• COLLECTED MATERIAL:
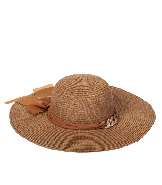Upea iso ruskea hattu jossa koristenauha ja rusetti sekä strassikoristeinen solki. Hatun halkaisija 42cm.
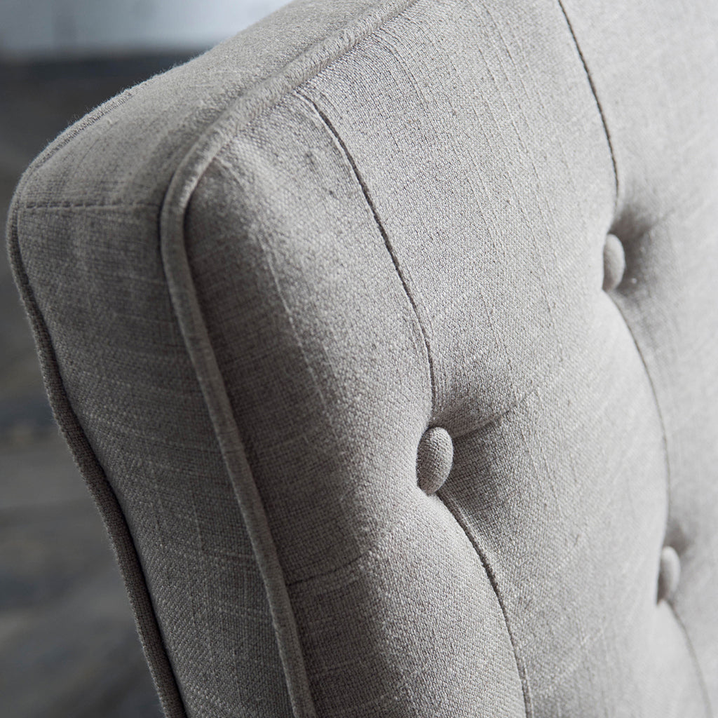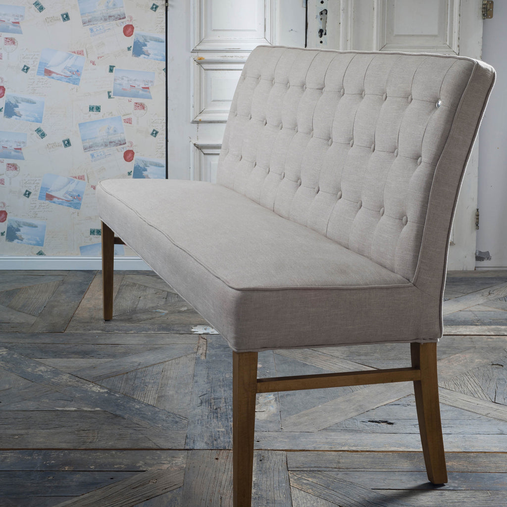 Diese bequeme, gepolsterte Leinenbank ergänzt wie die Keith Lowback Wing Bench den Cape Breton Chair. Es ist eine schöne Idee, diese Cape Breton Bank auf der einen Seite des Tisches und drei Cape Breton Chairs auf der anderen Seite zu platzieren. Der Haken an der Rückseite ist praktisch für Ihre Handtasche, sodass Sie Ihre Luxustasche nicht mehr auf dem Boden abstellen müssen.
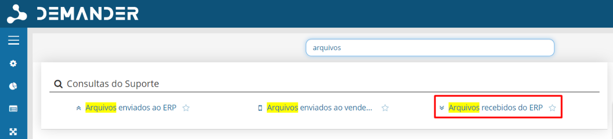 Para verificar os logs de importação do sistema Demander, pesquisar por "arquivos" na barra de pesquisa do site e clicar em "Arquivos recebidos do ERP".
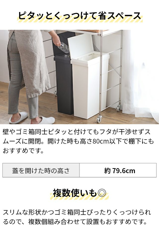 他の画像を見る 袋をかけて、フタ枠で挟むだけの最短10秒!ゴミ袋交換が簡単・素早く・きれいにできる40Lごみ箱。キッチンの隙間に置ける幅20cm以下のスリム設計。キャスター付きです。 ソロウ ゴミ箱 ふた付き 隙間で使える スリムダストボックス ハンドオープン40L 蓋付きゴミ箱 くず入れ 大容量 45リットル袋 おしゃれ 蓋付き インテリア リビング キャスター付き キッチン コンパクト 仕分け 省スペース 分別 容量40L 北欧 見えない SOLOW 当店特別価格 ¥ 4,400 税込 詳細を見る お気に入りに登録する

• TASK OBJECTIVE:
Copy the listing above word for word. Do not include the pictures.

• WRITTEN ANSWER:
Upea iso ruskea hattu jossa koristenauha ja rusetti sekä strassikoristeinen solki. Hatun halkaisija 42cm.
 Diese bequeme, gepolsterte Leinenbank ergänzt wie die Keith Lowback Wing Bench den Cape Breton Chair. Es ist eine schöne Idee, diese Cape Breton Bank auf der einen Seite des Tisches und drei Cape Breton Chairs auf der anderen Seite zu platzieren. Der Haken an der Rückseite ist praktisch für Ihre Handtasche, sodass Sie Ihre Luxustasche nicht mehr auf dem Boden abstellen müssen.
 Para verificar os logs de importação do sistema Demander, pesquisar por "arquivos" na barra de pesquisa do site e clicar em "Arquivos recebidos do ERP".
 他の画像を見る 袋をかけて、フタ枠で挟むだけの最短10秒!ゴミ袋交換が簡単・素早く・きれいにできる40Lごみ箱。キッチンの隙間に置ける幅20cm以下のスリム設計。キャスター付きです。 ソロウ ゴミ箱 ふた付き 隙間で使える スリムダストボックス ハンドオープン40L 蓋付きゴミ箱 くず入れ 大容量 45リットル袋 おしゃれ 蓋付き インテリア リビング キャスター付き キッチン コンパクト 仕分け 省スペース 分別 容量40L 北欧 見えない SOLOW 当店特別価格 ¥ 4,400 税込 詳細を見る お気に入りに登録する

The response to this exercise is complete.